Electrodeposited CoP2 on CO2-laser-modified graphite felt: a robust electrocatalyst for nitrite reduction to ammonia

Abstract

The conversion of nitrite-based pollutants to value-added ammonia (NH3) via sustainable electrocatalysis represents a remarkable advancement in waste management research. Herein, a two-step strategy was developed to synthesize well-dispersed cobalt phosphide (CoP2) on graphene oxide (GO)-graphite felt (GF), termed CoP2/GO-GF. The electrodeposited CoP2 exhibited exceptional performance in the electrocatalytic NO2- to NH3 reduction reaction (NO2RR), achieving a maximum NH3 yield rate of 10.6 mg h-1 cm-2 with a faradaic efficiency of 80% at -0.4 V vs. the reversible hydrogen electrode (RHE). The high efficiency of CoP2/GO-GF is attributed to its improved surface-active site density, enhanced electrochemical double-layer capacitance (3.37 mF cm-2), and optimized electron transfer resistance (13.31 Omega).

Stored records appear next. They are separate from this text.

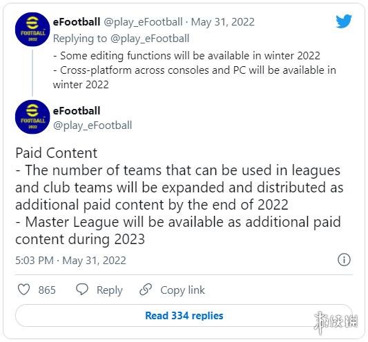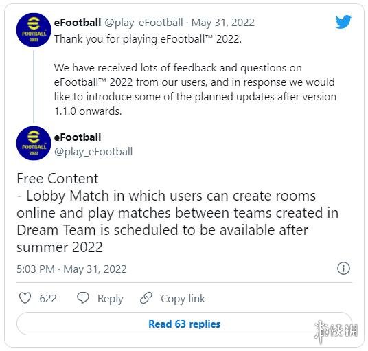 科乐美的足球游戏《eFootball》——也就是《实况足球2022》——首发暴死,但官方此后对游戏进行了更新,今年早些时候也发布了完整的《实况足球2022》1.0版本游戏,而昨天,官方又发布了推文,透露了这款游戏未来的更新计划,一起来了解下。
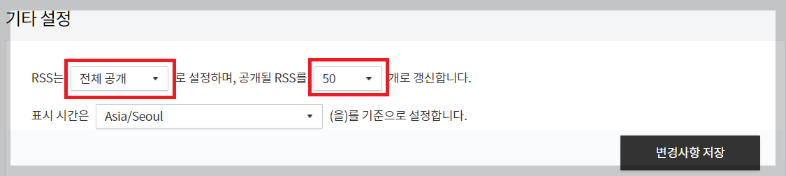 블로그-기타 설정에서는 rss를 설정해 주는데, rss는 블로그의 최신 글을 구글이나 다음에 빠르게 업데이트해 주는 기능이기 때문에 [전체공개]로 설정하고, 공개될 rss 개수는 50개로 변경해 줍니다.
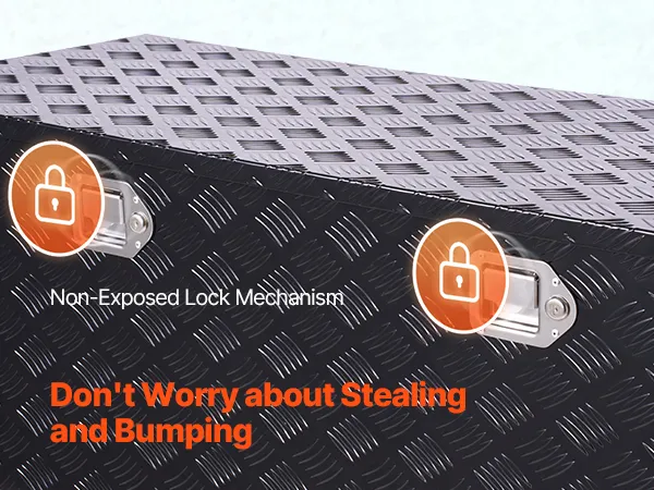 Anti-Prying Dual Locks: The aluminum truck box is equipped with two embedded locks and four keys. The lock bodies are integrated into the toolbox, making them difficult to pry open or cut with tools. This design also reduces the risk of scratches or impacts during transit
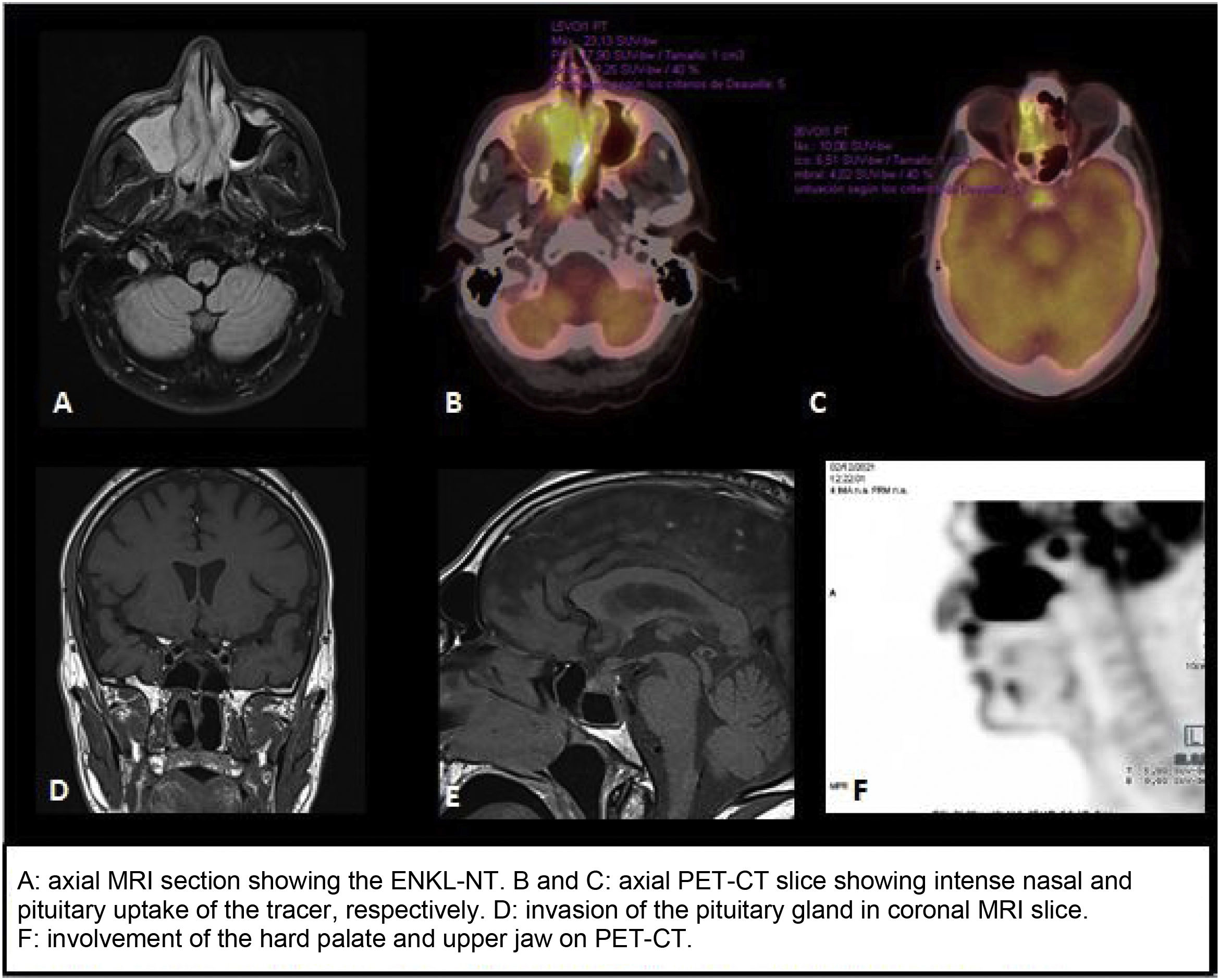 Extranodal natural killer (NK)/T-cell lymphoma, nasal type (ENKL-NT) is a subtype of lymphoma whose aetiology is not fully understood. It is related to the Epstein–Barr virus (EBV), detection of which is a requirement for diagnosis. It is more common in Asia and America than in the West, it predominates in 40–80-year-old men and affects the nasal area in 80% of cases, presenting with symptoms of nasal obstruction. The definitive diagnosis is histopathological. The treatment of choice is radiotherapy (RT) combined with chemotherapy (CT) in different regimens. The disease has a poor short-to-medium-term prognosis.
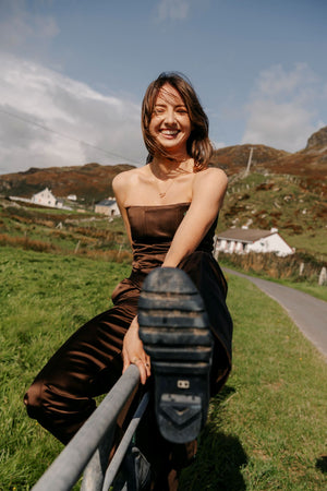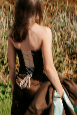 Our Éire corset is reminiscent of Ireland and the beauty of our Island, of the joy and vitality of bright, everlasting green fields, and reminds cherish our rich heritage. Bloom with grace while wearing this special creation. Crafted from Acetate, a responsibly sourced wood pulp which transforms into a fabric with a silky, fluid drape. Lightweight, breathable, and biodegradable, it carries both elegance and ease, moving gently with the body while treading lightly on the earth.
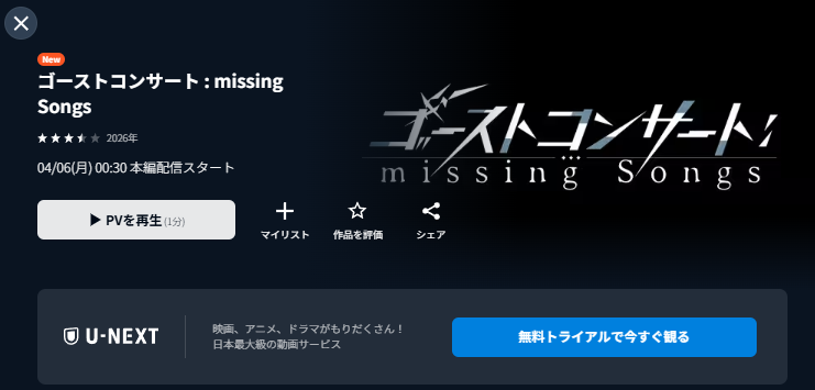 先に結論をお伝えすると、アニメ「ゴーストコンサート : missing Songs」は動画配信サービス『U-NEXT』で配信予定です。
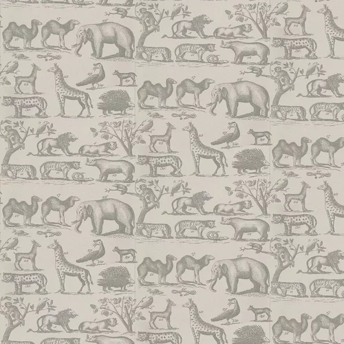 A vintage look wallpaper with animals from the jungle such as lions, snakes and elephants. Shown here in cloud grey with darker grey detailing. Other colourways are available.Part of the Museum collection.
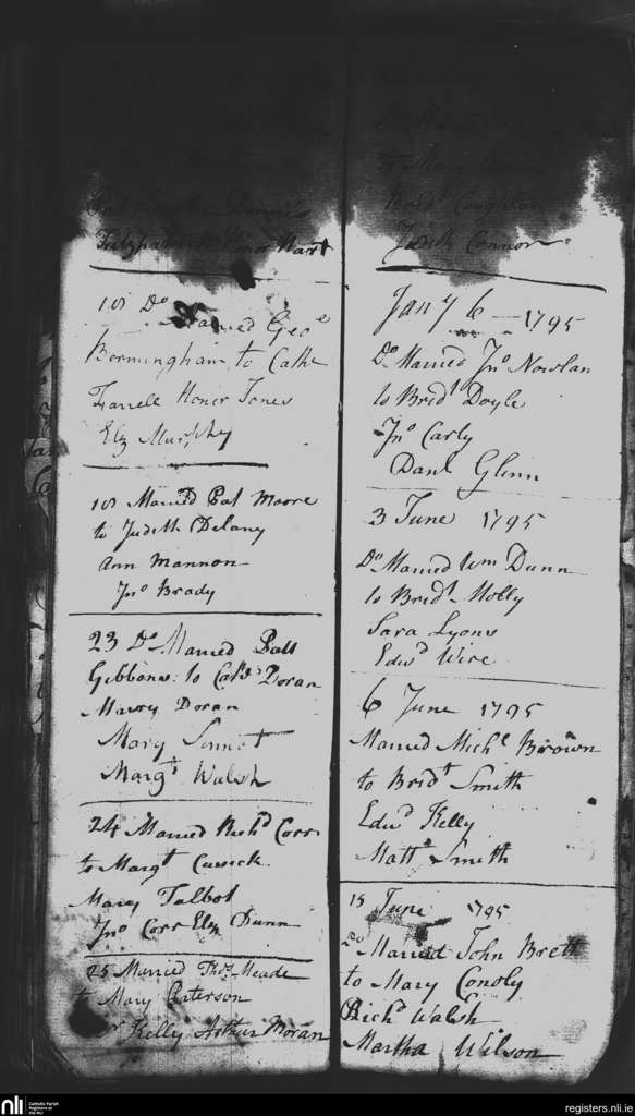 St. Nicholas', Dublin city; County of Dublin; Archdiocese of Dublin. Marriages, Jan. 1795 to June 1795
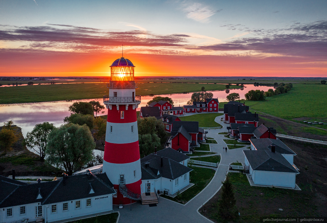 Рязанская область, п. Шумашь Маленький живописный остров с маяком и атмосферными домиками в норвежском стиле, расположенными на берегу озера «Старая Тишь», является гостиничным комплексом. Здесь можно просто погулять, покататься на лодке, порыбачить или же остановиться на ночь.
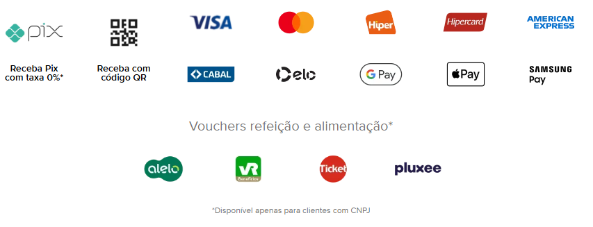 Taxas iguais para todas as bandeiras de cartão e parcelamento em até 12x.
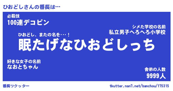 | ピコ太郎風あだ名 | 『ヒコ一郎』『ピヒ次郎』『ヒオ一郎』 |
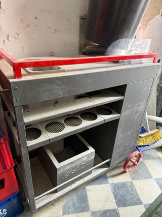 Carrito bar de Coca-Cola, perfecto para eventos. Se encuentra algo polvoriento, pero en general está en buen estado. - Contiene dos cubetas de acero inoxidable. - Dispone de varias ranuras para vasos. - Incluye una bandeja inferior.
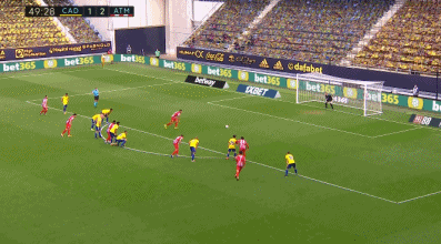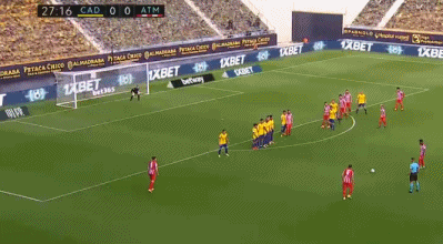 27分钟时,苏亚雷斯用一记对他而言不算常见的任意球破门,帮助马竞首开纪录。在禁区弧顶,乌拉圭人用右脚搓出一记经典弧线球。皮球在飞过人墙头顶之后快速下坠,并飞入了球门左侧死角之中。
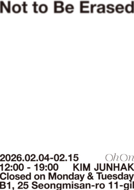 지워지지 않기 위해 지워지기. 김준학 개인전 《지워지지 않기-Not to Be Erased》는 이 역설을 택한다. 작가는 의미와 가치를 대리해 온 대상을 소거함으로써 눈에 보이지 않는 그것들이 드러날 자리를 만들어낸다. 미술 작품이 갖는 위상과 권위는 조각을 품고 또 보호하는 ‘척하는’ 얇은 막 속에 똬리를 틀고, 이를 떠받쳐 온 전시 공간과 좌대로 대리되는 제도는 가벽 뒤 임시적인 공간에 엉덩이를 붙인다.
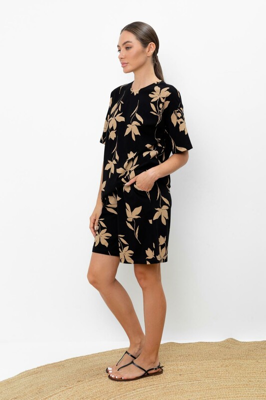 Женские шорты на резинке с удобными карманами из набивного трикотажа супрем. Низ обработан плоскими швами.
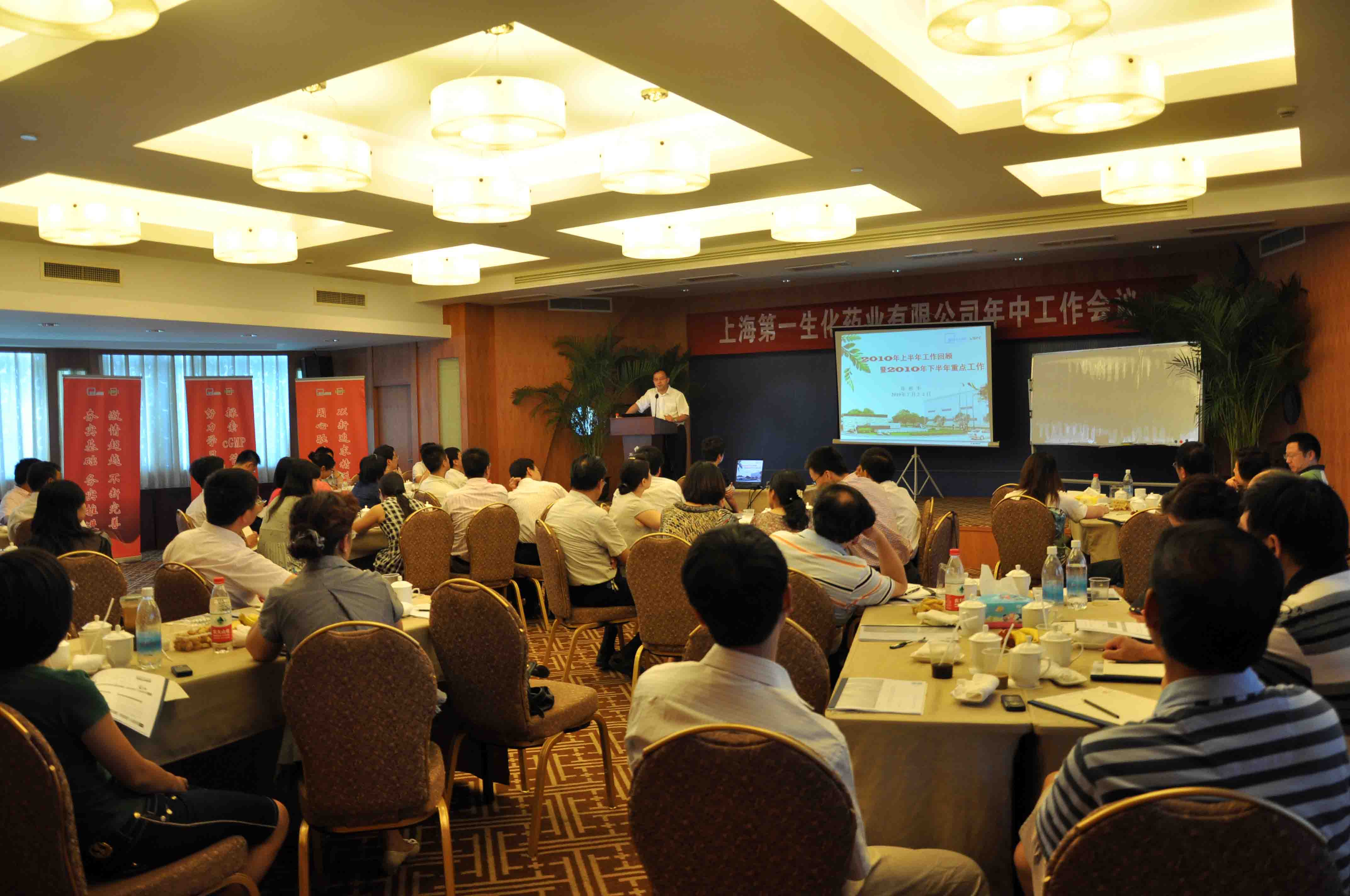 7月23日,上海第一生化药业有限公司假座嘉善梅园大酒店,隆重召开2010年年中工作会议。会议由公司党委书记孙忠达主持,与会人员包括公司中层及以上各级领导、上海紫源药业、三维生物、长城生化厂级领导等。

Furthermore, a turnover frequency analysis of the NO2RR indicated the abundance of active sites, facilitating smooth charge tunneling from CoP2 to CO2 laser-developed GO on GF in CoP2/GO-GF. In situ FTIR analysis confirmed the sequential reduction pathway from NO2- to NH3, identifying NO as a key intermediate. Additionally, density functional theory (DFT) calculations revealed a moderate free energy barrier (0.26 eV) for the rate-limiting step, thus validating the thermodynamic feasibility of the reaction. Furthermore, durability tests demonstrated stable performance over 10 reuse cycles, confirming the efficiency and robustness of CoP2/GO-GF as an electrocatalyst in the NO2RR.